[ExI] Is there a potential libertarianism / democracy tension?
David Lubkin
lubkin at unreasonable.com
Tue Sep 27 14:56:22 UTC 2011
Amon Zero wrote:
>What I'm curious about, is why (or indeed if) it is ok for
>libertarians to advocate taxation to support "Night Watchman" State
>functions (army, police, courts), but other arguably essential
>functions such as healthcare are beyond the pale?
>
>The two answers I'm familiar with are that (A) no taxation is ok at
>all, army etc should also be private, and (B) army/police/courts are
>essential or can be privatized, whereas (e.g.) healthcare is not or cannot.
>
>Since we're highly unlikely to argue one another around to each
>other's point of view I won't be tempted to deconstruct your
>arguments (assuming i could!), but I am genuinely curious what
>principle draws a line between armies and hospitals. I could
>understand the line being drawn there by some libertarians and not
>others, but I have been given the impression that this is tantamount
>to a definition of libertarianism; that tax for armies/police/courts
>is ok but nothing else is.
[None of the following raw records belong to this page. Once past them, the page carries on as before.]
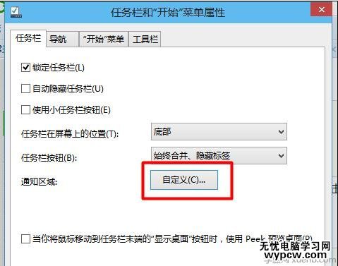 在“任務(wù)欄和開(kāi)始菜單”屬性窗口中我們單擊“自定義”按鈕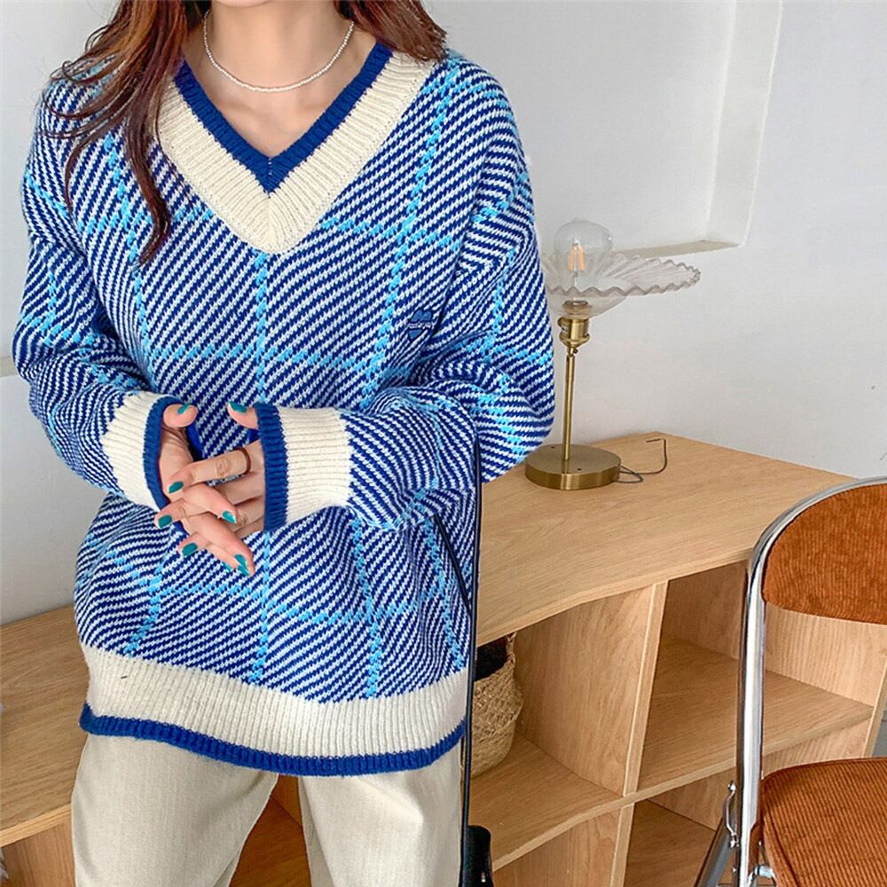 ニットトップスVネックニットセーター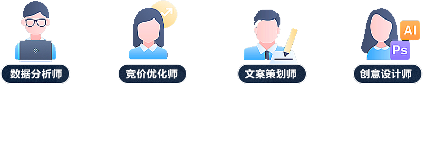 競(jìng)價(jià)優(yōu)化師和文案策劃師,實(shí)時(shí) 分析投放人群興趣點(diǎn)的變化,結(jié) 合業(yè)務(wù)優(yōu)勢(shì),策劃全新的廣告創(chuàng) 意、圖片及競(jìng)價(jià)頁(yè)面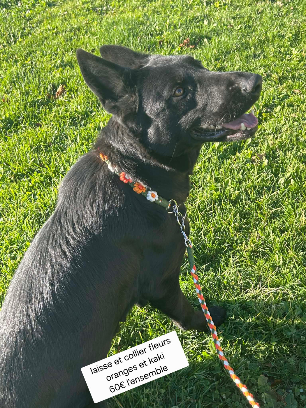 collier L 42 cms et 10 cms de chaîne 32 euros Laisse L1m40 32 euros ou l'ensenble 60 euros
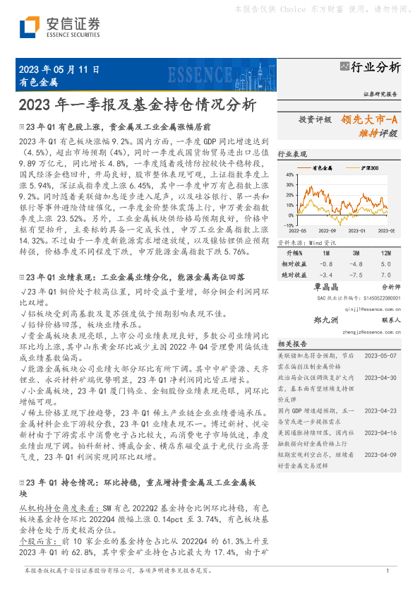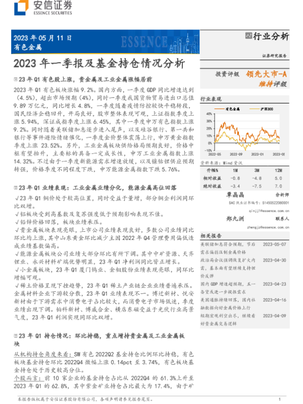 【安信证券】【20230511】有色金属:2023年一季报及基金持仓情况分析-19页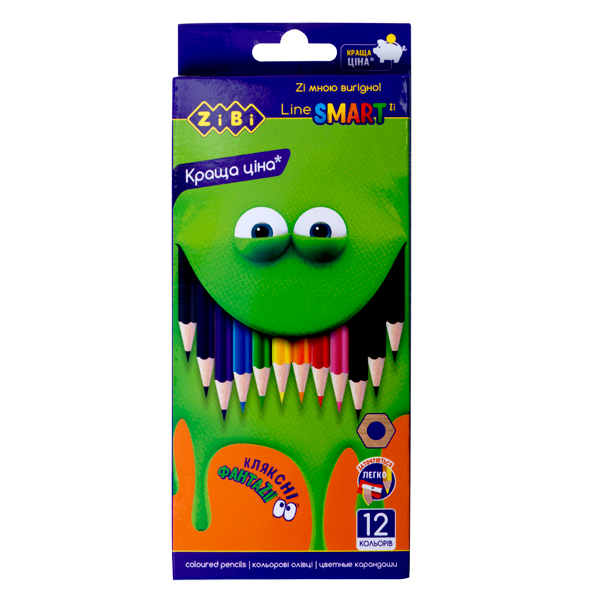 Олівці 12 кольорів шестигранний корпус, ZiBi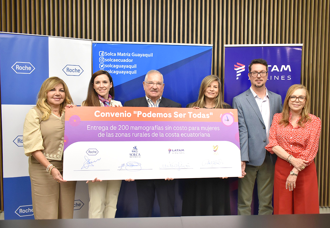 Ecuador | Roche Ecuador, SOLCA Guayaquil, LATAM Airlines y en alianza con Fundación Ana, suman fuerzas para facilitar el acceso a mamografías sin costo en zonas urbanas de Guayaquil, promoviendo el diagnóstico temprano y la prevención. La iniciativa, denominada “Podemos ser todas”, tiene como objetivo realizar cerca de 200 mamografías gratuitas y brindar charlas educativas y jornadas diagnósticas.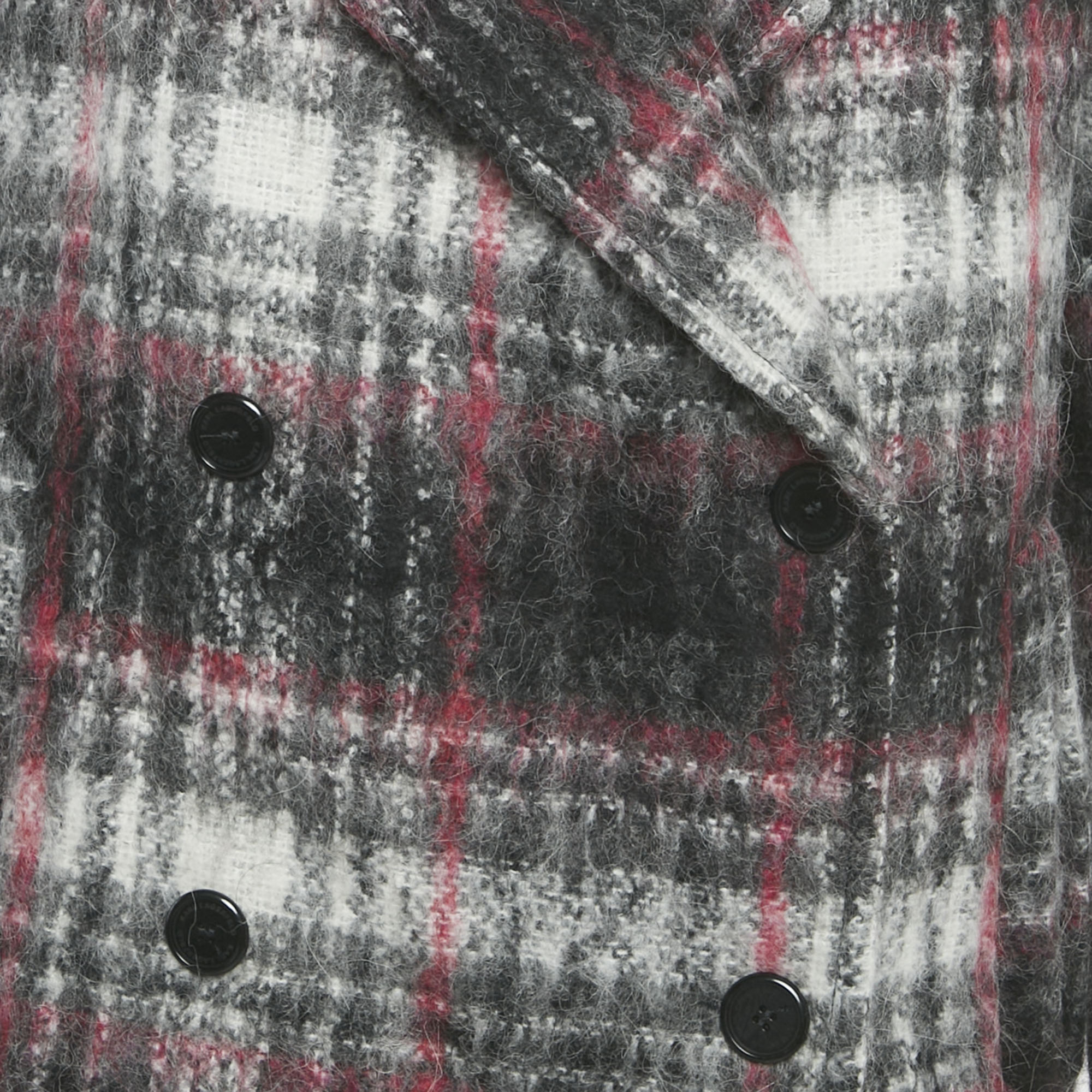 In a refined grey and pink check pattern, this Karl Lagerfeld coat is tailored from wool. Structured and polished, it adds sophistication to cool weather ensembles.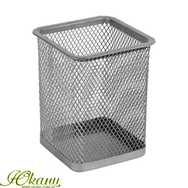 Подставка для ручек квадратная, металлическая сеточка, 80х80х100мм, серебрянная

Would you agree?
The philosophical approach is that the only libertarian principle is
non-initiation of force or fraud and the only legitimate government
function is enforcing that principle. Thus armies, police, courts,
not hospitals.
The pragmatic approach is asking whether a completely private
version of this function can work. I see minarchists as agnostic
on AnCap -- open to the idea but not convinced. They are
swayable by argument and evidence.
One important aspect of "armies" is what do you do with them.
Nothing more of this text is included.